In order to gain recognition toward his cause, MLK organized boycotts, freedom rides, voter registration drives, sit-ins, and marches. Even though he faced many struggles, such as brutality and arrests for his movements, his non-violent protests still brought together minority communities. These protests were eventually successful and resulted in the creation of the Civil Rights Act of 1964 and the Voting Rights Act of 1965. MLK showed the world how non-violent direct action can be so impactful, and his legacy lives on similar to Gandhi’s. MLK’s use of non-violent movements are a major part of my life today in the United States. It is because of him that I, a South Asian American female, have equal voting rights and experience nondiscrimination laws that protect me.
Gandhi and Martin Luther King Jr.’s protest strategies are still being used decades later, especially during the year of 2020. Last year, a movement called Black Lives Matter (BLM) became widely recognized throughout America. The BLM movement protests against incidents of police brutality and racially motivated violence. On May 25, 2020, an African American man, George Floyd, was killed by a police officer who used unnecessary brutality against him. People all across America, including myself, were outraged by this incident. The video capture of the brutality is extremely hard to watch, and it went viral on the internet. This incident was the impetus for BLM to gain followers and supporters who agree a change in our society is necessary. BLM uses the same idea of “satyagraha” by organizing non-violent events and protests. There have been rallies, speaking events, artwork showings, and ads on social media that all peacefully protest for equality for African Americans. These movements have begun to have an effect on changes in laws throughout the country. Lawmakers in 16 states have already introduced bills to improve police oversight and accountability.
The use of nonviolent movements and protests to initiate change has had a very positive effect on the world around me.
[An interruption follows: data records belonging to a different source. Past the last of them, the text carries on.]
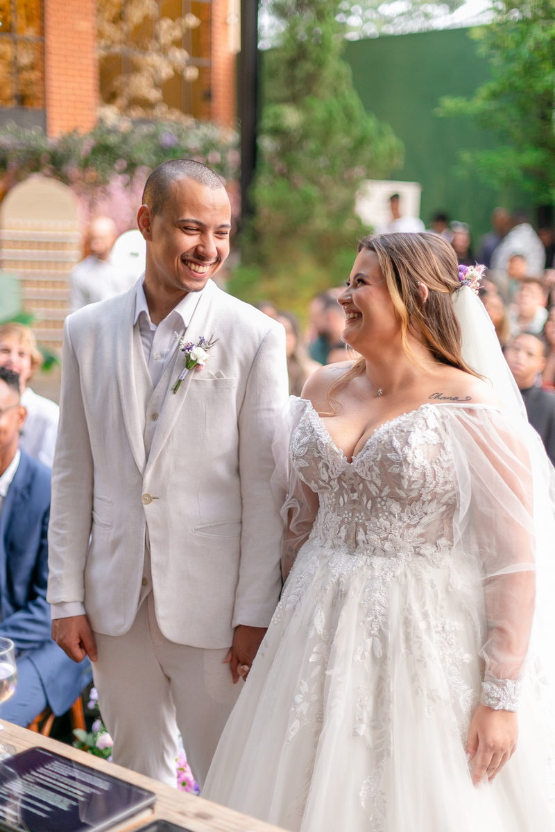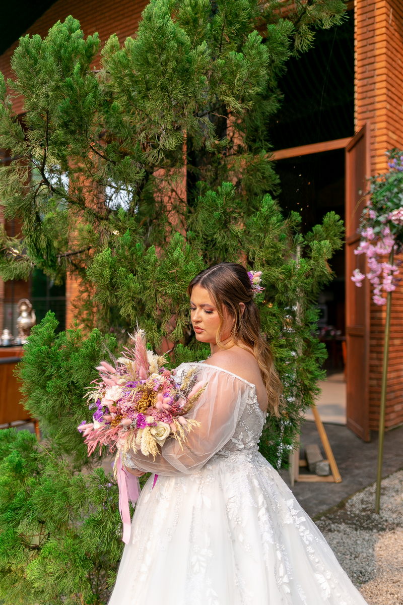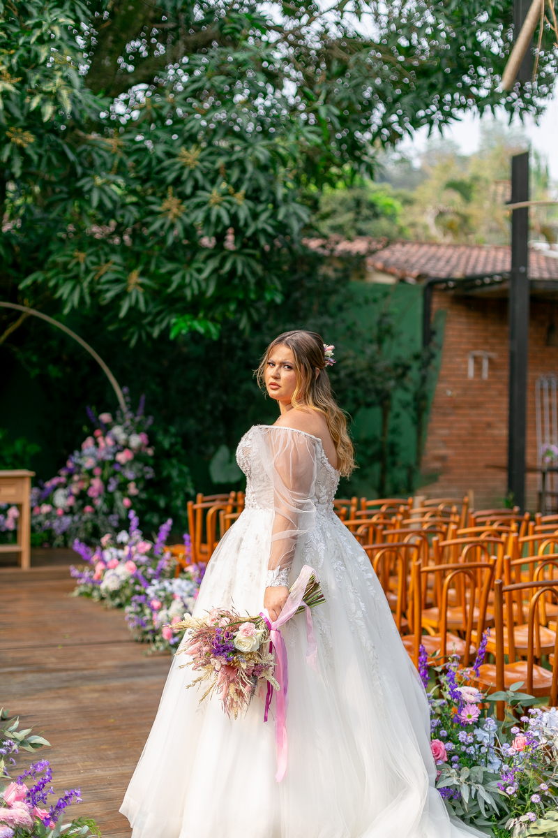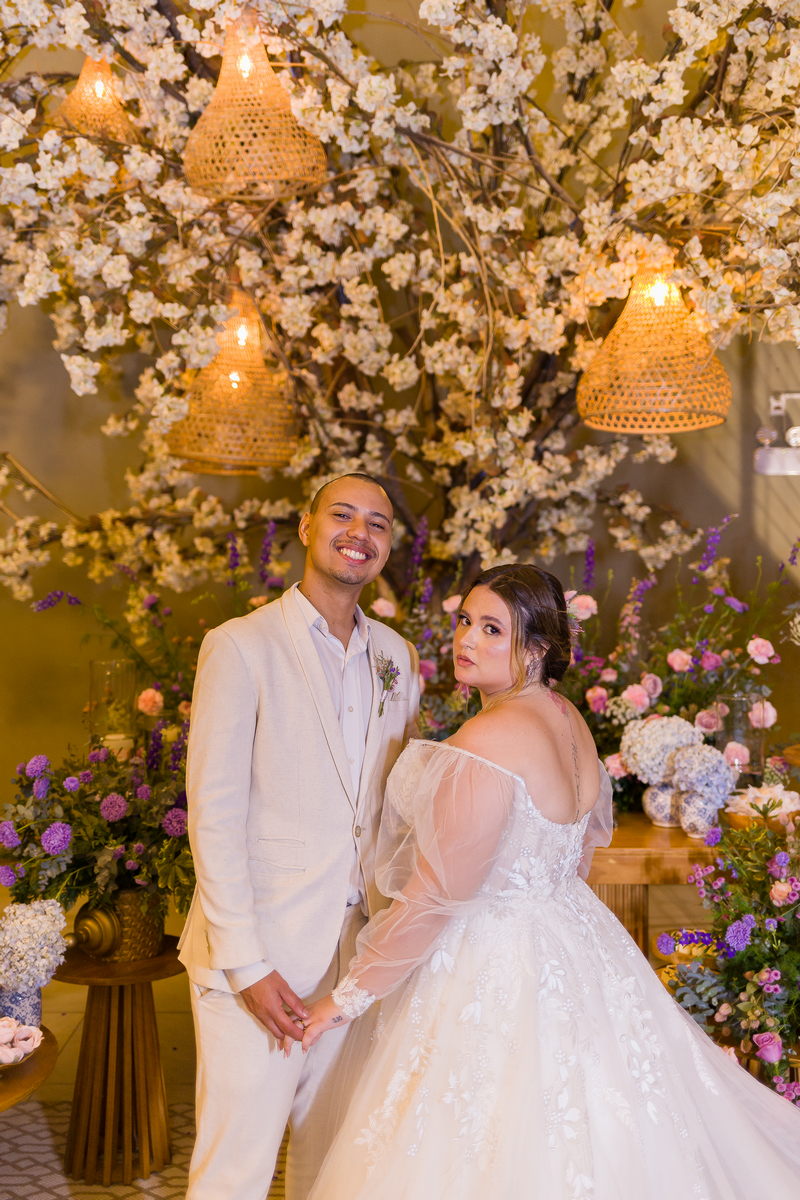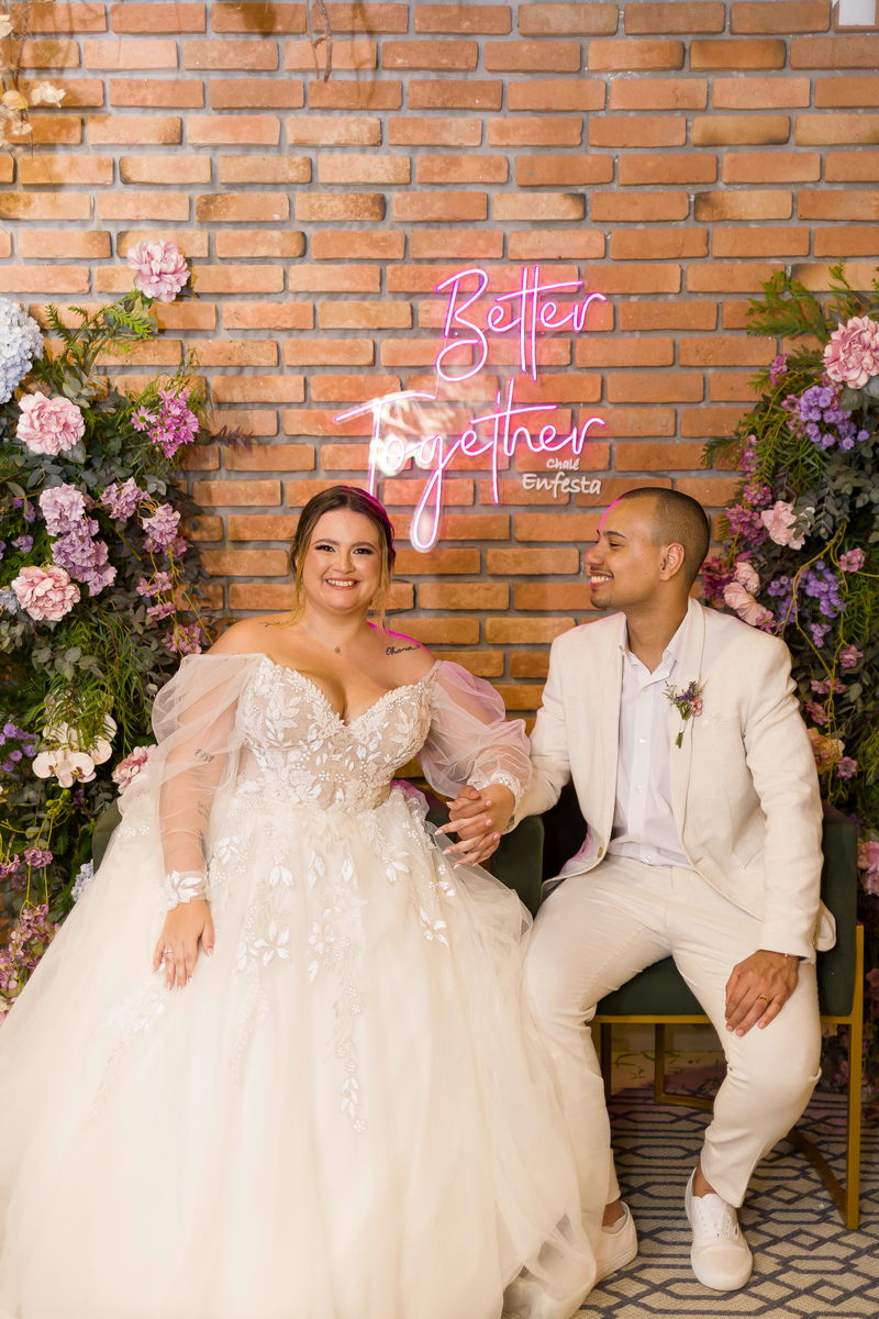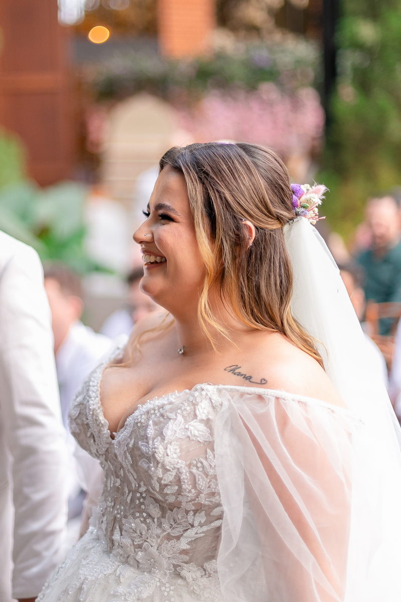 A noiva, Day, estava simplesmente deslumbrante em seu vestido de noiva Internovias. O busto era adornado com renda delicada e um decote maravilhoso. As mangas de tule transparente adicionaram mais encanto e a saia delicada criou um efeito de princesa moderno, fazendo a noiva parecer ter saído diretamente de um conto de fadas. O talento da @milenaraujomakeup na maquiagem e penteado realçou ainda mais a beleza natural da Day. O look era a personificação perfeita do equilíbrio entre elegância clássica e estilo contemporâneo, refletindo a sua personalidade radiante e complementando magnificamente o cenário encantado do casamento.
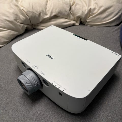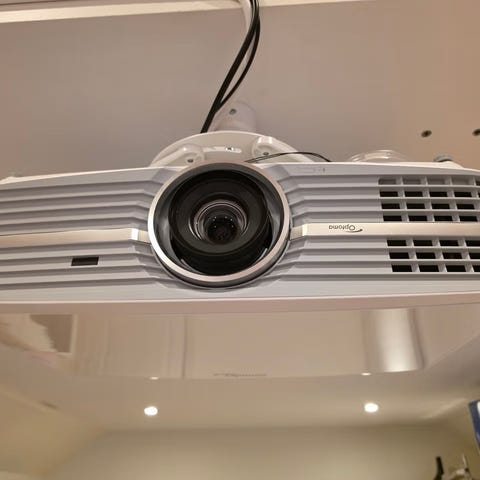 Dette er en Short throw projektor, som ikke må henge langt ifra lerret.
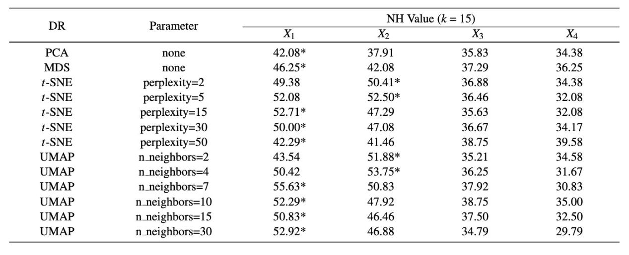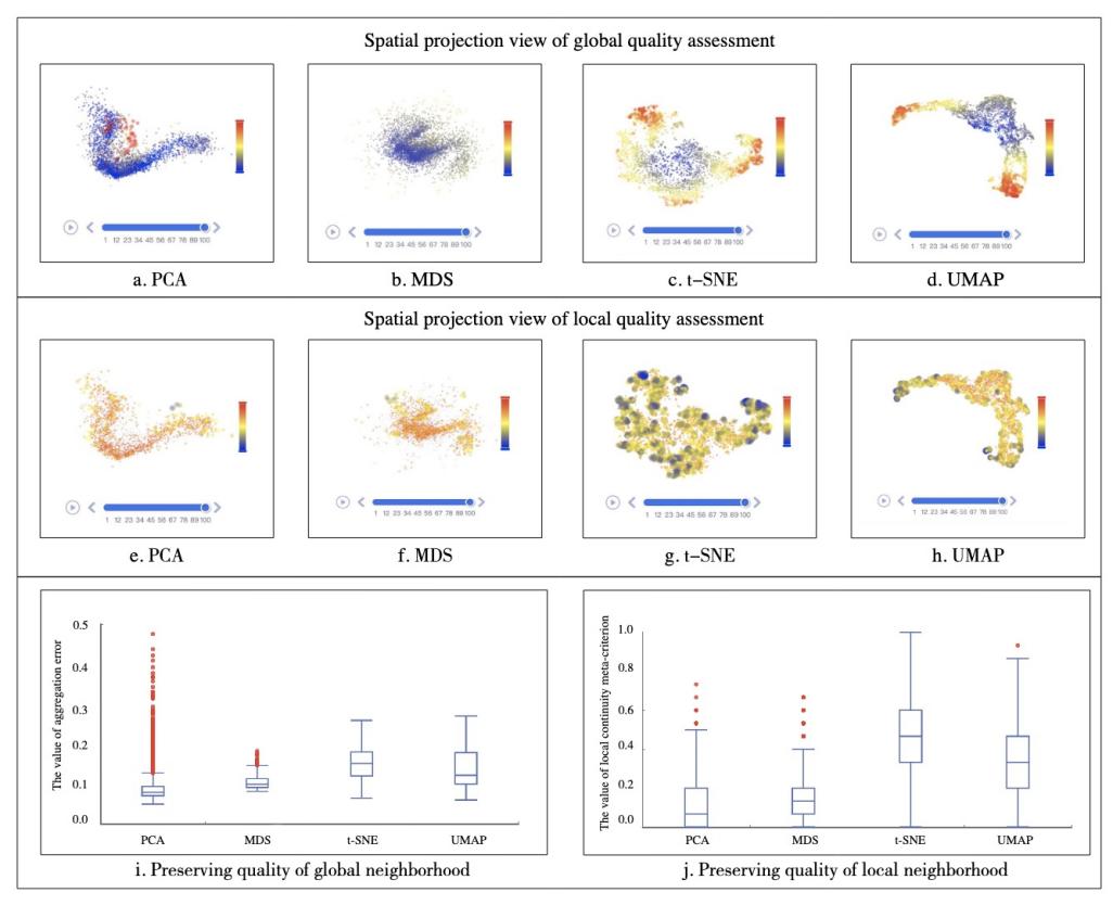 面向五种典型LSTM可视分析任务场景,文中通过多组对照实验定性和定量比较了四种DR技术的表现性能和效果。
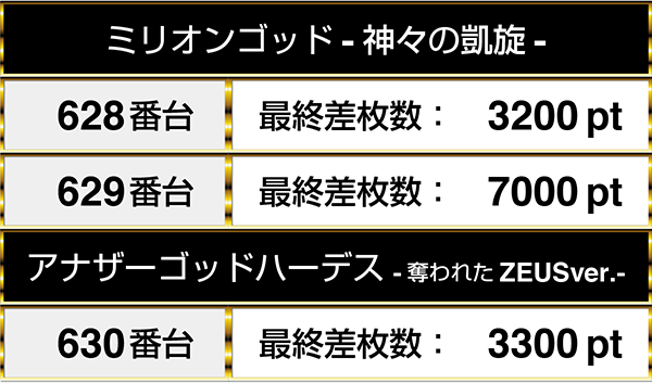 となりに設置されている『アナザーゴッドハーデス-奪われたZEUSver.-』を通すと、3台並びでプラスptとなっていた。
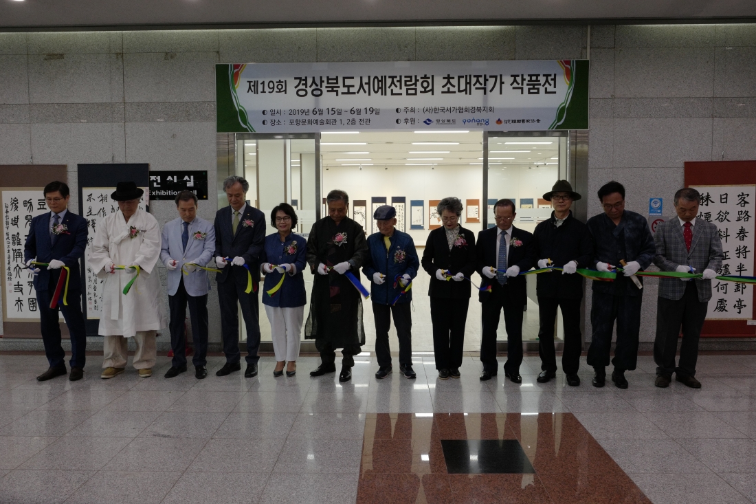 2019년 6월 16일(일)오후 2시 포항문화예술회관 소공연장에서 경북도 문화예술과장,포항시 남구청장, 김정재 국회의원 , 박명재 국회의원,포항예총회장,한국서가협회 강대희 이사장등 내,외빈 200여명이 참석한 가운데 수상자 시상식 및 초대작가전 테이프 컷팅, 다과회등을 성황리에 마치고 전시회를 하였음

My ancestors, parents, friends, and I have all benefited from it because it allows us to be treated equally, and we are not judged by the color of our skin. My career goal is to study law, like Gandhi, and use my time and talent to fight for the rights of those who are treated unfairly in society. I hope to one day apply their teachings to make a difference like they did, and I want to “shake the world” in my own “gentle” way.
(Top photo: The Kings lay a wreath on Gandhi’s Samadhi, the site of his cremation, at Rajghat in New Delhi during his visit to India during Feb 10, 1959 — Mar 18, 1959.)
Sarina Harjani is an 8th grader from Attea Middle School in Glenview, Illinois. In her free time, she enjoys playing tennis, reading books, and hanging out with her friends and family. Sarina’s essay was declared the first runner-up in the middle school category at an arts and essay contest organized by Hindus for Human Rights and the Indian American Muslim Council.